Aus Verpflegungskosten des Unternehmers anlässlich einer Geschäftsreise kann dieser den Vorsteuerabzug in Anspruch nehmen, wenn Rechnungen mit gesondertem Umsatzsteuerausweis auf den Namen des Unternehmers ausgestellt bzw. die Kosten durch Kleinbetragsrechnungen i.S.d. § 33 UStDV belegt sind.
Eine Begrenzung des Vorsteuerabzugs auf 16 % der ertragsteuerlich als Betriebsausgaben abziehbaren Mehraufwendungen - wie sie noch im BMF-Schreiben (BMF, 06.11.2000 - IV B 7 - S 7303 a - 8/00, BStBl I 2000, 1505) vorgesehen war - enthält das BMF-Schreiben vom 28.03.2001 nicht mehr. Es ist somit die gesamte Umsatzsteuer als Vorsteuer abziehbar.

Erstattet der Arbeitgeber Verpflegungsaufwendungen, die dem Arbeitnehmer entstanden sind, so kann hieraus kein Vorsteuerabzug in Anspruch genommen werden. Nur, wenn der Arbeitnehmer Verpflegungsleistungen erhält, die der Arbeitgeber empfängt und in voller Höhe trägt (vgl.
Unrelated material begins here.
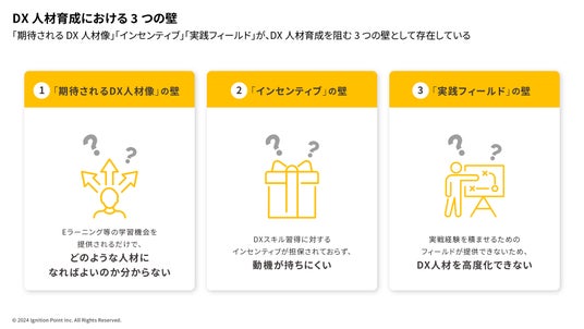 多くの企業がDX推進と並行して、DXを支える社内人材の育成にも取り組んでいます。しかし、その進展にはばらつきがあり、スムーズに進んでいない企業も少なくありません。イグニション・ポイントでは、社内DX人材育成が滞る主な要因として、期待されるDX人材像の不明確さ、インセンティブの欠如、実践フィールド不足の3つの壁が存在すると考えています。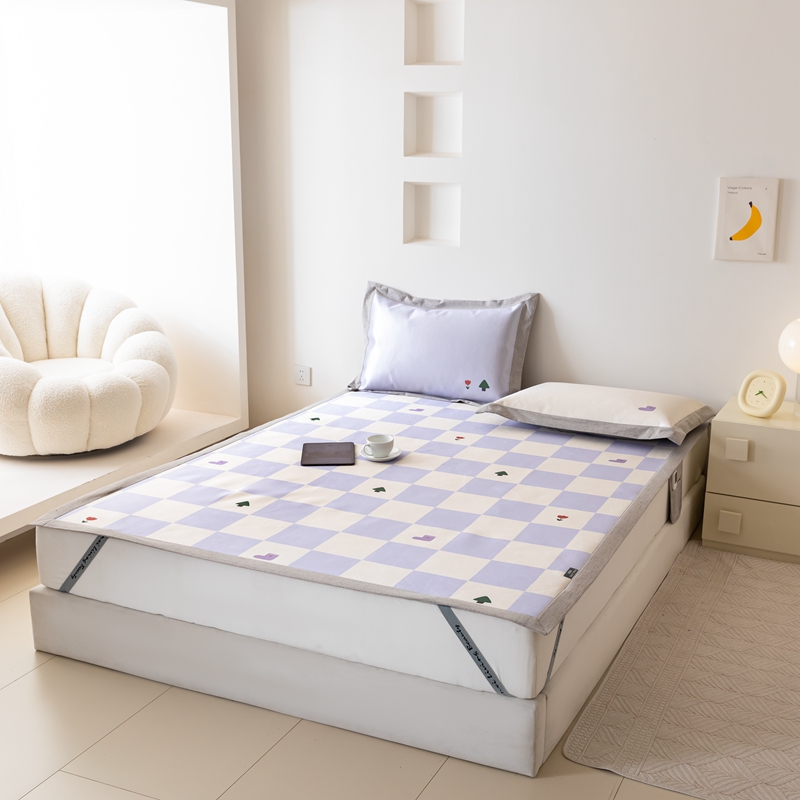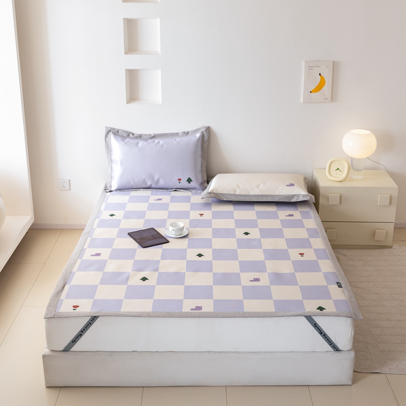 商品名称:本希家居 2024新款花漾清新系列高端可水洗冰丝席 紫白方格平席

Abschnitt 15.2 Abs.16 UStAE ), kann der Arbeitgeber den Vorsteuerabzug hieraus in Anspruch nehmen. Auch hier ist wieder Voraussetzung, dass die Rechnung auf den Namen des Unternehmers ausgestellt ist oder eine Kleinbetragsrechnung vorliegt.
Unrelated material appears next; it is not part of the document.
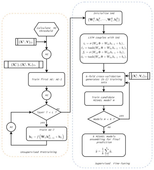 Figure 5 illustrates the summarized procedure to build proposed method MISAEL. In the unsupervised pre-training phase, an MI-SAE trained layer-by-layer until the L-th layer. MI analysis eliminates irrelevant information and, consequently, keeps relevant representation for each layer of the SAE. Moreover, an LSTM network couples to the tail of the acquired MI-SAE. The supervised fine-tuning of the entire deep architecture is performed by using a k-fold cross-validation strategy. Thus, k candidate MISAEL models are created, and then their output is aggregated to constitute the output.

4. Fahrtkosten Arbeitnehmerfahrzeuge

Es ist ein Vorsteuerabzug aus Fahrtkosten für Fahrzeuge des Arbeitnehmers möglich, wenn der Unternehmer Leistungsempfänger ist. Darüber hinaus muss gegenüber dem Unternehmer mit einer Rechnung im Sinne des § 14 UStG abgerechnet werden und die übrigen Voraussetzungen für den Vorsteuerabzug müssen erfüllt sein.
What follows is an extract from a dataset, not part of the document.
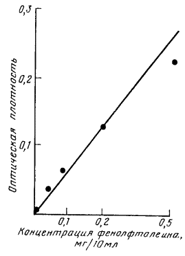 V.5.1. Приготовление стандартных растворов фенолфталеина и построение калибровочной кривой 0,5 г фенолфталеина растворяют в 100 мл этанола, получают раствор 0,5 %-ной концентрации. Из стандартного раствора берут аликвоты, содержащие 0,1; 0,2; 0,5; 1,0; 2,0; 5,0 мг фенолфталеина, и переносят в мерные колбы емкостью 50 мл, доливают этанолом до метки. Получают таким образом серию рабочих растворов, 1 мл которых содержит 0,002; 0,004; 0,01; 0,02; 0,04; 0,1 мг фенолфталеина, 5 мл рабочего раствора переносят в пробирку и добавляют 5 мл 10 %-ного раствора аммиака. Окрашенные растворы колориметрируют на ФЭК с синим светофильтром. Окраска устойчива в течение 1 ч. Результаты измерения оптической плотности окрашенных растворов фенолфталеина различных концентраций представлены в табл. V.5.2, калибровочная кривая для кюветы толщиной 20 мм - на рис. V.5.1. Линейная зависимость оптической плотности от концентрации растворов фенолфталеина наблюдается в интервале от 0,01 до 0,5 мг/10 мл. Рис. V.5.1. Калибровочная кривая для определения концентрации фенолфталеина Таблица V.5.2 Результаты измерения оптической плотности рабочих растворов фенолфталеина

Werden dem Arbeitnehmer Fahrtkosten im Rahmen von Pauschbeträgen erstattet, ist ein Vorsteuerabzug hieraus nicht zulässig.

5. Sonstige Fälle

Für die übrigen, in § 15 Abs. 1a UStG aufgeführten Tatbestände, bleibt der Vorsteuerabzug weiterhin ausgeschlossen. Dies gilt insbesondere für Vorsteuerbeträge aus nicht abziehbaren Aufwendungen i.S. des EStG. Der Vorsteuerabzug aus Reisekostenpauschbeträgen bleibt ebenfalls ausgeschlossen.